**GOAL OF THE EXERCISE:**
Write down the listing again exactly as it appears below, without its pictures.

**INPUT DATA:**
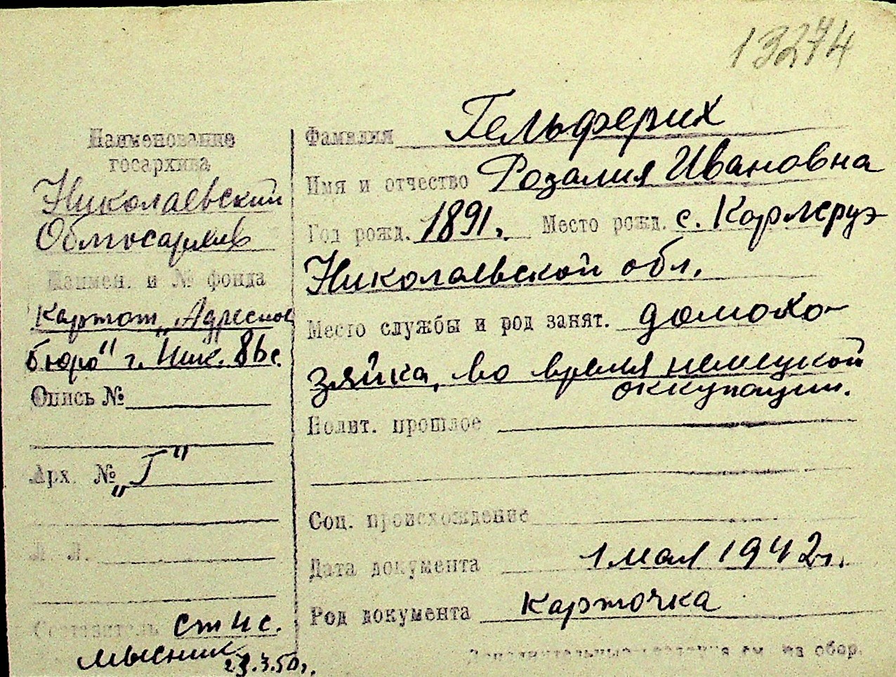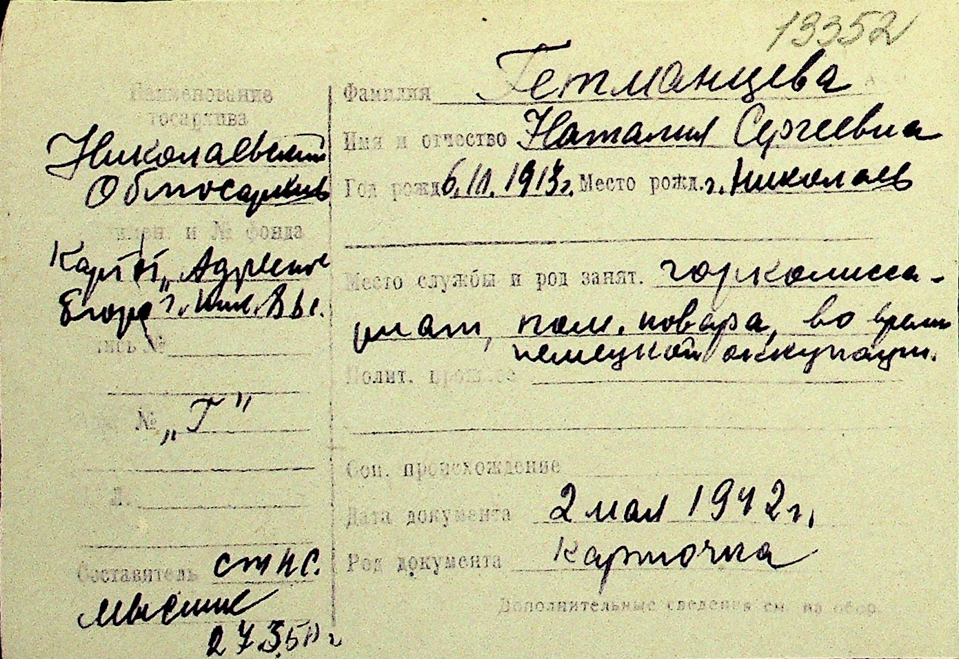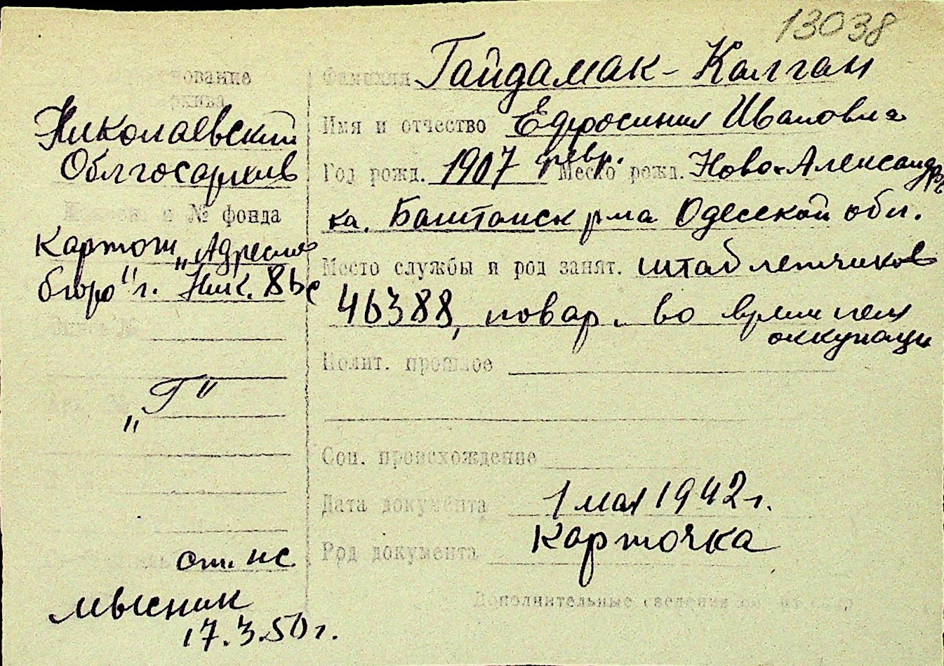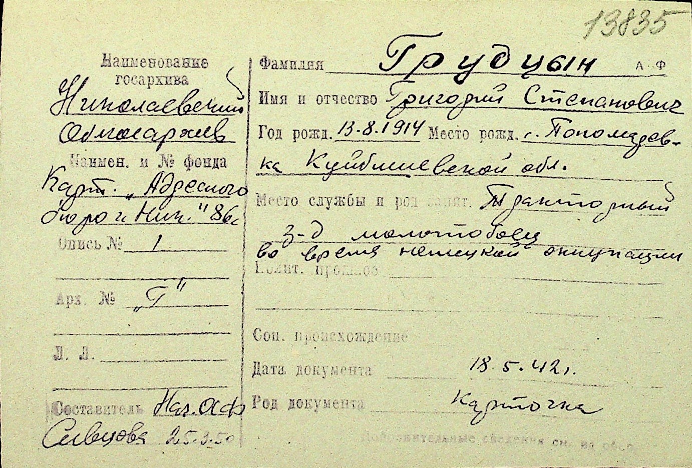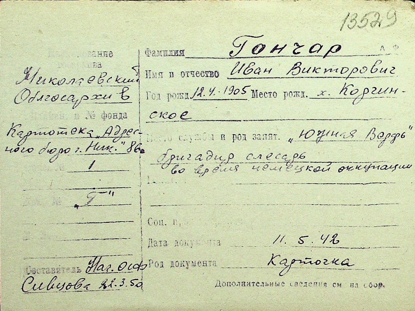 • • Перелік карток до фонду № Н-1016
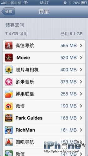 這個列表中,按占用手機存儲空間從高至低排列應用。點開之後會顯示應用程序大小,下面的“文稿與數據”,則是這個應用中的數據占用的機身存儲空間。
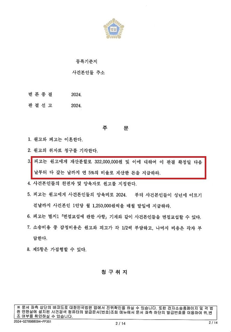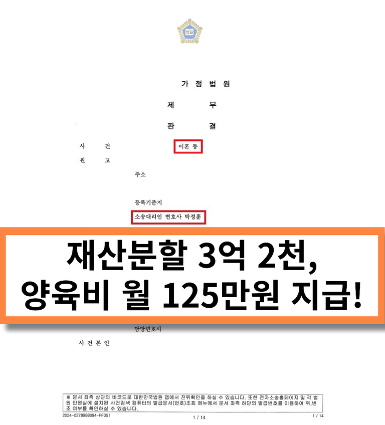 재산분할 3억 2천, 양육비 월 125만 원 지급받으며

**RESPONSE TO THE EXERCISE:**
 • • Перелік карток до фонду № Н-1016
 這個列表中,按占用手機存儲空間從高至低排列應用。點開之後會顯示應用程序大小,下面的“文稿與數據”,則是這個應用中的數據占用的機身存儲空間。
 재산분할 3억 2천, 양육비 월 125만 원 지급받으며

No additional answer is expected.